# Old man bindings



## basser (Sep 18, 2015)

burton step on, to be released next season.


----------



## rpadc (Mar 10, 2014)

Cu455 said:


> I'm getting a little too old to be strapping in on the ground or while standing.


Stretching and yoga for flexibility and some strength training. From one old man to another, we gotta put in more effort to not become decrepit in general, not just struggling with strapping on bindings.


----------



## rambob (Mar 5, 2011)

rpadc said:


> Stretching and yoga for flexibility and some strength training.
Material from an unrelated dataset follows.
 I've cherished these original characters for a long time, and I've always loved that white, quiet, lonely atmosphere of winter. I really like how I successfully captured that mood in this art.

From one old man to another, we gotta put in more effort to not become decrepit in general, not just struggling with strapping on bindings.


X2 - If you're having struggles with strapping in you will struggle in other actions. Keep limber, do toe touches, power walking, whatever.


----------



## WasabiCanuck (Apr 29, 2015)

basser said:


> burton step on, to be released next season.
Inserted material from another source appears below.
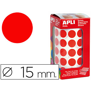 APLI - GOMETS AUTOADHESIVOS CIRCULARES 15 MM ROJO EN ROLLO CON 2832 UNIDADES (Ref.4857)

These look cool, they have a pair at the local shop here and I got to play with them a bit. They look good, nice boa strap to keep heel down and the toe cleats are alot smaller than I thought. These look great. Whole set up is lighter than I thought too.












rpadc said:


> Stretching and yoga for flexibility and some strength training. From one old man to another, we gotta put in more effort to not become decrepit in general, not just struggling with strapping on bindings.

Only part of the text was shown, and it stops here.